We will never know, of course, whether Tay Hohoff really wrote that scene (and the others that seem to bear her mark) for Lee. But it is sensible to argue that while To Kill A Mockingbird is obviously a novel by Harper Lee, traces of someone who helped her along the way for two whole years – and who, at one point, talked the author into running down to the street to collect the manuscript that had been flung through the window in frustration (Shields, 2006: 121) – must be there somewhere. The results produced by the different functions of stylo are not in conflict when they show the overall strength of the Watchman signal in the Mockingbird and the possible echoes of Hohoff (or even, at the very onset of the novel, of Capote) in selected segments. Rather, they seem to provide new insights into the traces of various people involved in the making of a novel – and into how some of these traces may be identified and discerned by stylometry. It is equally sensible to find such traces in a work of a very particular kind: a novel that has been reprocessed almost beyond recognition in a long process of authorial and editorial collaboration; where the final version keeps the setting and the characters of the first, but changes its focus, its historical moment in time and, perhaps more importantly, its ideological message.

  1. Bastian M., Heymann S., Jacomy M. (2009). Gephi: an open source software for exploring and manipulating networks. International AAAI Conference on Weblogs and Social Media.
  2. Burrows, J. (2002). “Delta”: A measure of stylistic difference and a guide to likely authorship. Literary and Linguistic Computing, 17: 267–87.
  3. Eder, M. (2015a). Rolling stylometry. Digital Scholarship in the Humanities, 30, first published online: 7 April 2015, doi: 10.1093/llc/gqv010.
  4. Eder, M. (2015b). Visualization in stylometry: cluster analysis using networks. Digital Scholarship in the Humanities, 30, first published online 3 December 2015, doi: 10.1093/llc/fqv061.
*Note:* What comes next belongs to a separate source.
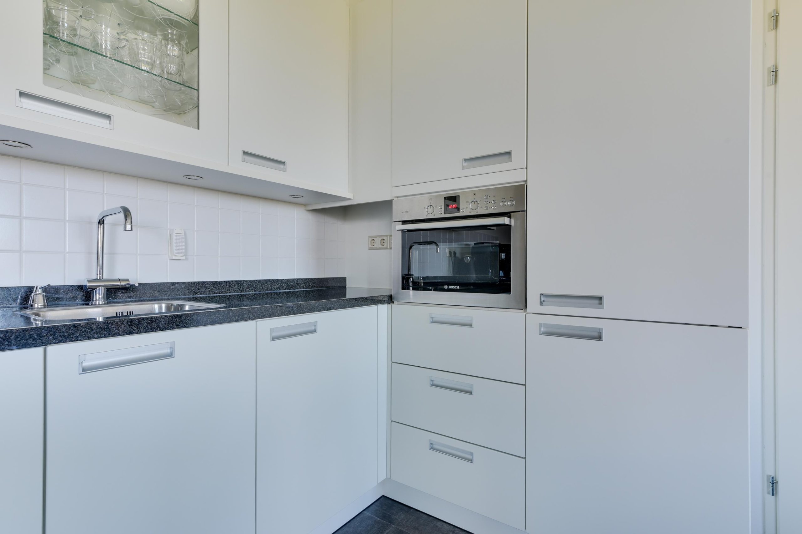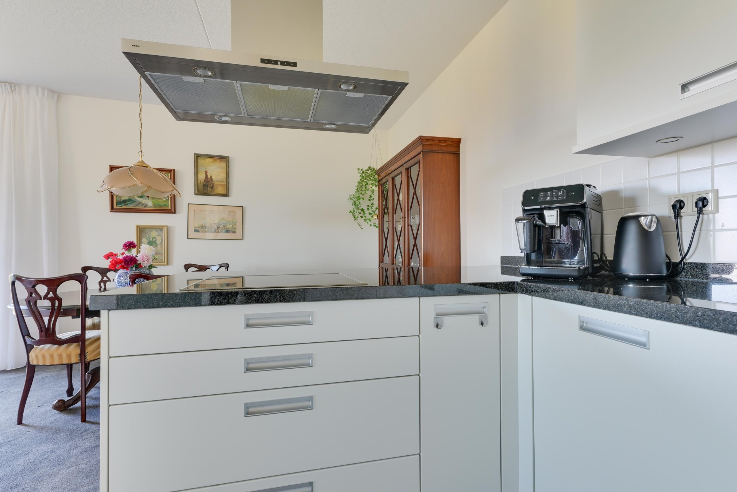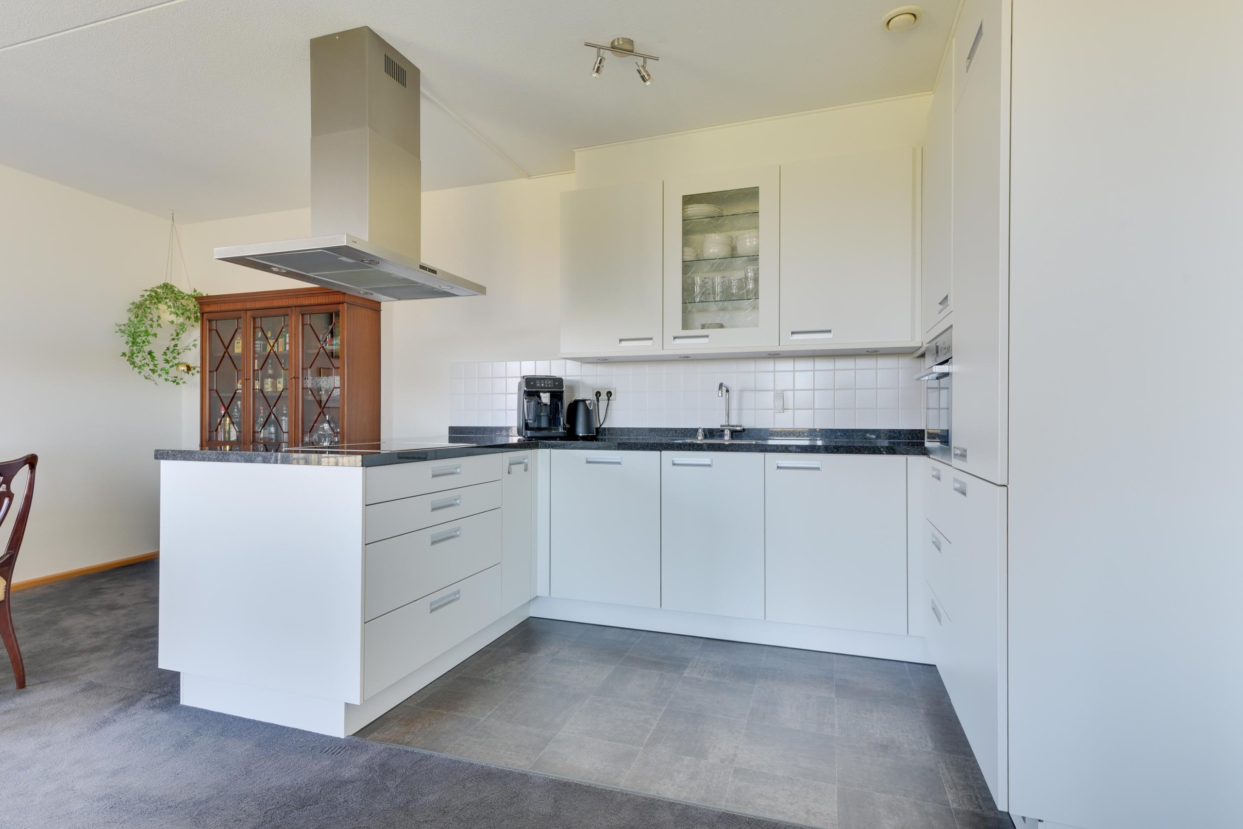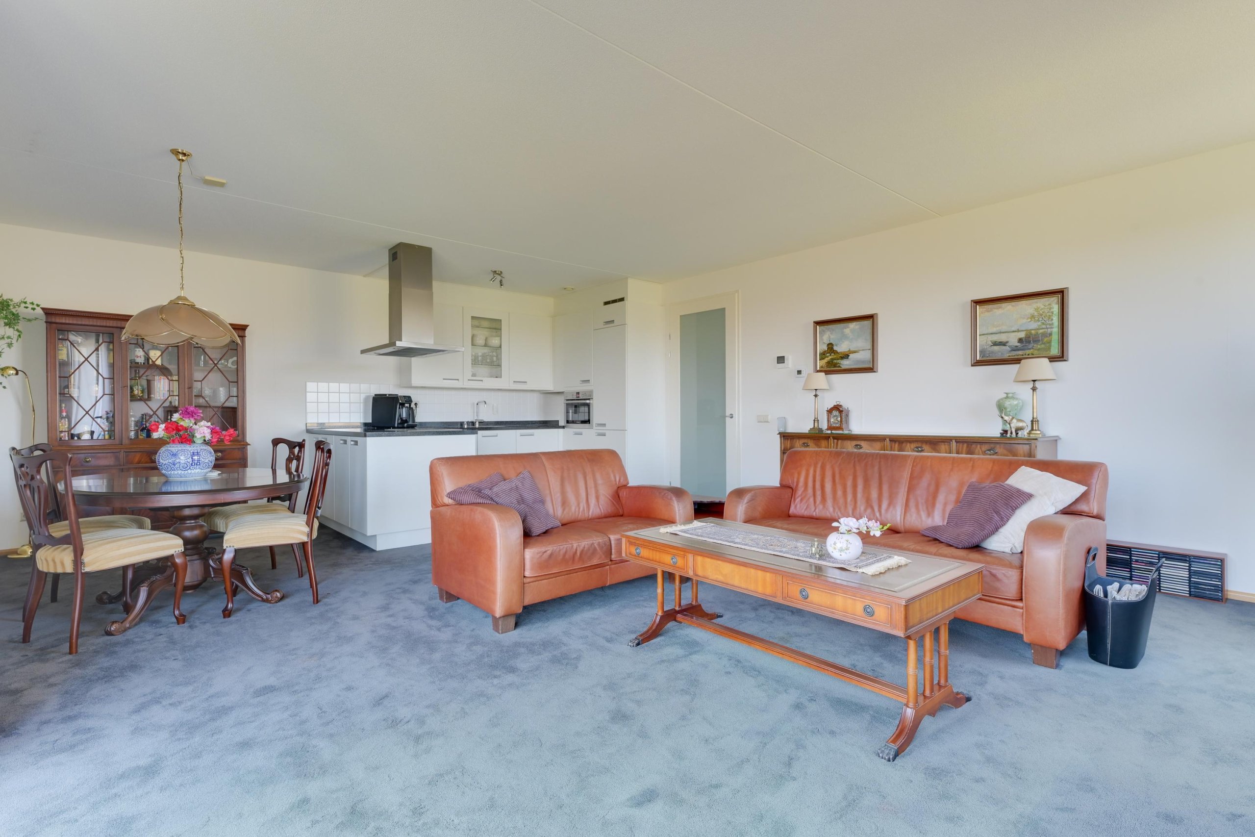 Via de portiek bereik je de entree van het appartement. Vanuit de hal kom je in de ruime en lichte woonkamer met open keuken, voorzien van diverse inbouwapparatuur.

  5. Eder, M., Kestemont, M. and Rybicki, J. (2016). Stylometry with R: a package for computational text analysis. R Journal, 8, first published online 30 December 2015, https://journal.r-project.org/archive/.
  6. Gamerman, E. (2015). Data Miners Dig Into “Watchman”. The Wall Street Journal, 17 July 2015: D5, http://www.wsj.com/articles/data-miners-dig-into-go-set-a-watchman-1437096631.
  7. Jacomy, M., Venturini, T., Heymann, S. and Bastian, M. (2014). ForceAtlas2, a continuous graph layout algorithm for handy network visualization designed for the Gephi software. PLoS ONE, 9(6): e98679, doi:10.1371/journal.pone.0098679.
  8. Makarenko, V. (2015). Literackie śledztwa Polaków. Gazeta Wyborcza, 31 July 2015: 18.
  9. R Core Team (2014). R: A language and environment for statistical computing. R Foundation for Statistical Computing, Wien, http://www.R-project.org/.
  10. Shields, C. J. (2006). Mockingbird: A Portrait of Harper Lee. New York: Henry Holt and Co.